Estos resultados nos permitiran conocer si las moléculas implicadas en la expresión del MHC-I podrian ser modificadas epigenéticamente con el objetivo de generar una linea hESC tolerogénica que podría ser donante universal.

Metodología

Cultivo hESC y diferenciación: La linea hESC Shef-1 fue derivada en el "Centre for Stem Cell Biology" (Sheffield, UK) y donada por el Dr. Harry Moore. Las hESC fueron cultivadas en medio ES (KnockOut DMEM suplementado con 20% KnockOut serum replacement, 2 mM L-Glutamina, 0,1 mM β-mercaptoetanol, 1% aminoácidos no esenciales, 4 ng/ml factor básico de crecimiento de fibroblastos, bFGF) sobre fibroblastos embrionarios de ratón inactivados con mitomicina C. Para la formación de cuerpos embrionarios (EBs), colonias de hESC fueron recuperadas del frasco de cultivo con colagenasa y posteriormente cultivadas en suspensión en medio ES sin bFGF. Los experimentos de diferenciación in vitro fueron hechos a partir de EBs cultivados tres semanas y posteriormente crecidos en monocapa en medio DMEM + 10% suero fetal bovino (FBS).

Los cultivos diferenciados se tiñeron con diversos anticuerpos para el estudio de la estirpe celular.

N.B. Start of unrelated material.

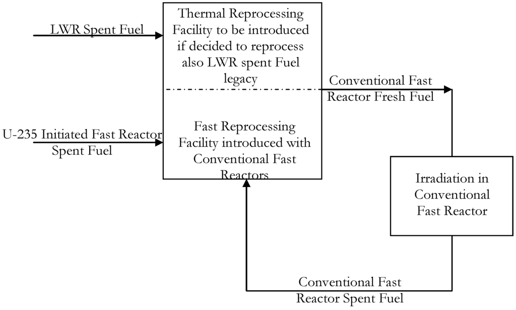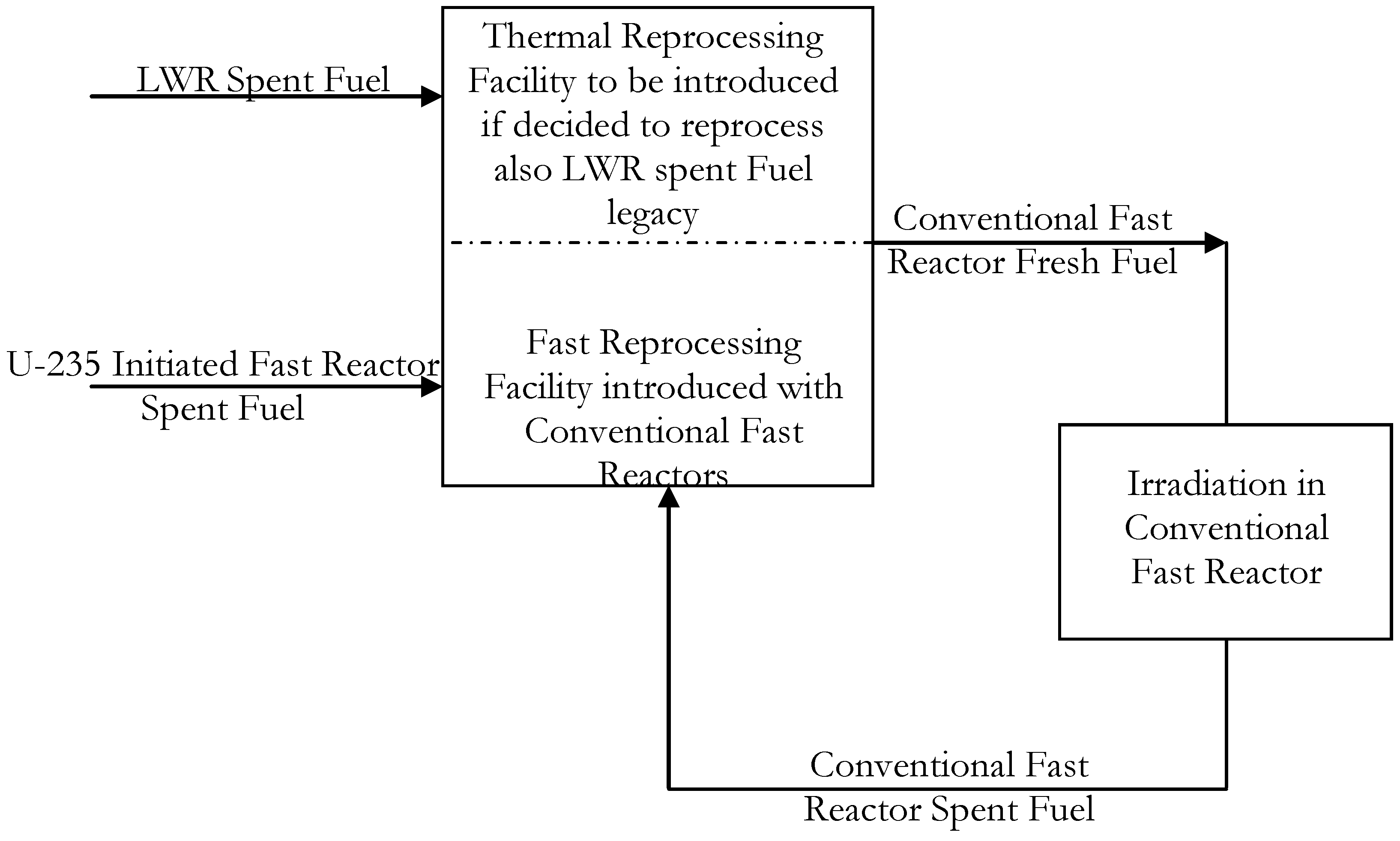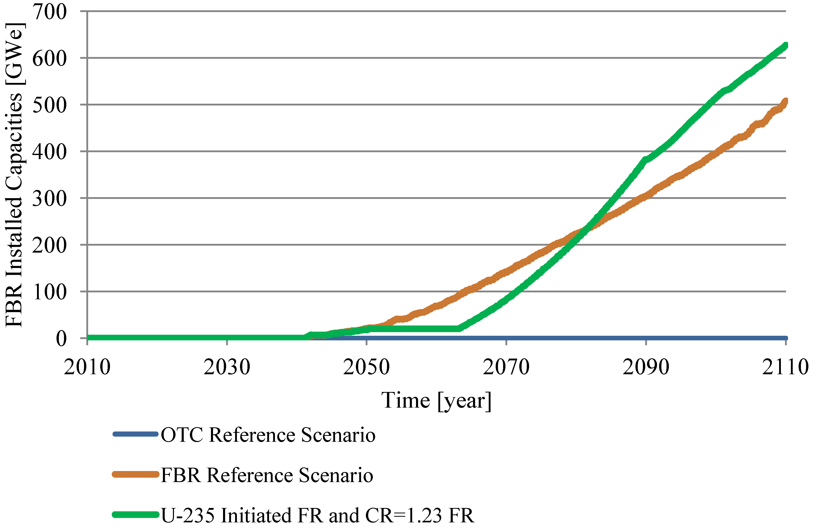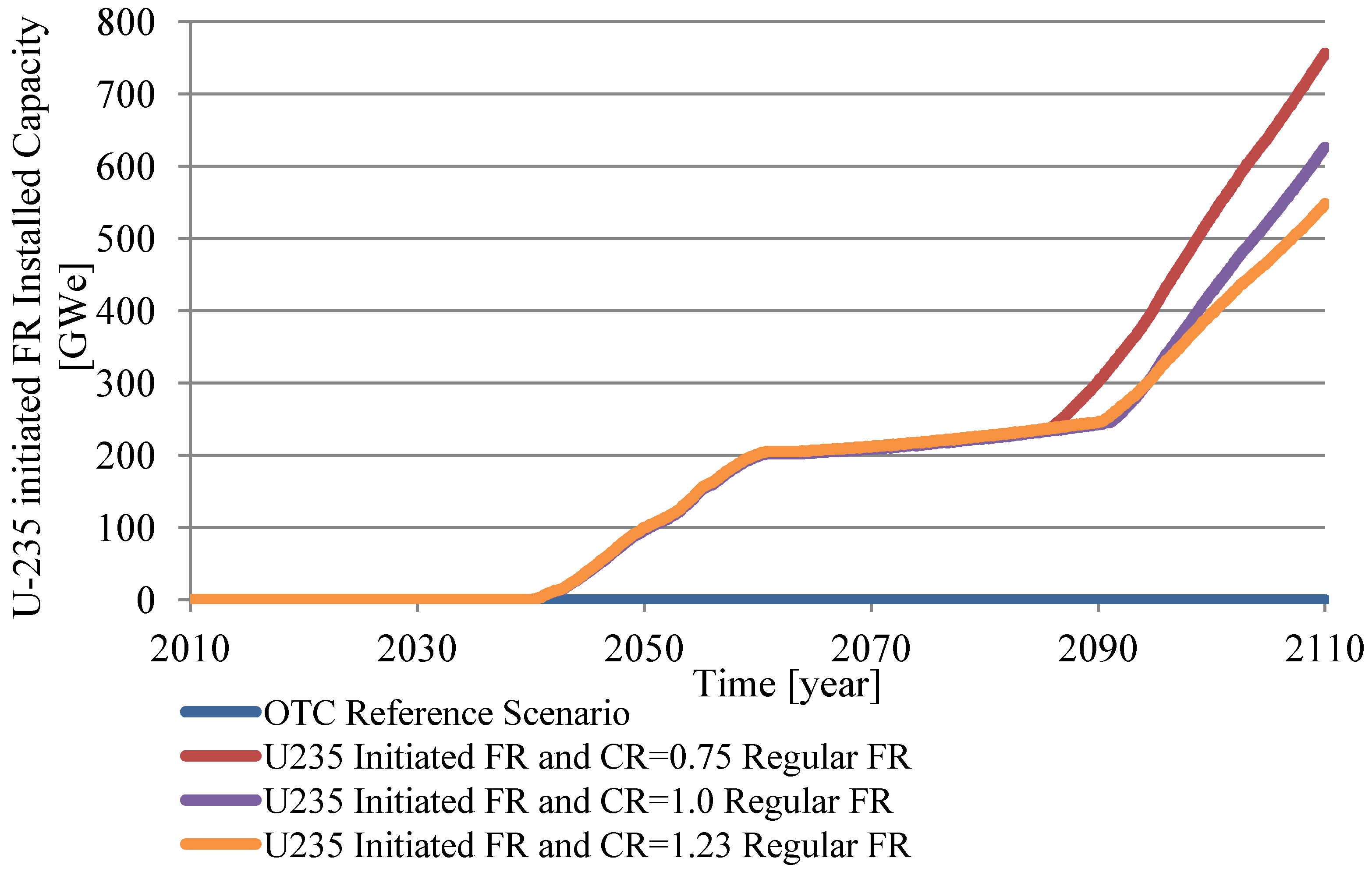 As expected, by switching to U-235 initiated FRs, the need for thermal reprocessing is reduced, while more fast reprocessing facilities are needed to reprocess a much larger amount of spent fast reactor fuel compared to the conventional fast reactor scenarios.

Técnicas de RT-PCR, Western-blot, Modificación de bisulfito e Inmunoprecipitación de la cromatina (ChIP) fueron realizadas según protocolos estándar.

Resultados

En la figura 1 mostramos el proceso de diferenciación in vitro de la línea embrionaria humana Shef-1. Las hESC indiferenciadas fueron crecidas en suspensión en medios específicos para la obtención de EBs. Posteriormente, diferenciación espontánea fue llevada a cabo en medio con FBS (suero bovino fetal) en cultivos adherentes. Las células diferenciadas proceden de varias estirpes celulares como puede observarse por la tinción parcial con citoqueratinas indicando la presencia de células epiteliales.

 

Figura 1. Cultivo y diferenciación de la línea hESC Shef-1, (A) células indiferenciadas en cultivo
sobre fibroblastos embrionarios de ratón inactivados, (B) cuerpos embrioides (EBs) en cultivos
en suspensión crecidos durante 3 semanas, (C) células diferenciadas de forma espontánea in
vitro y teñidas con un anticuerpo anti-citoqueratinas.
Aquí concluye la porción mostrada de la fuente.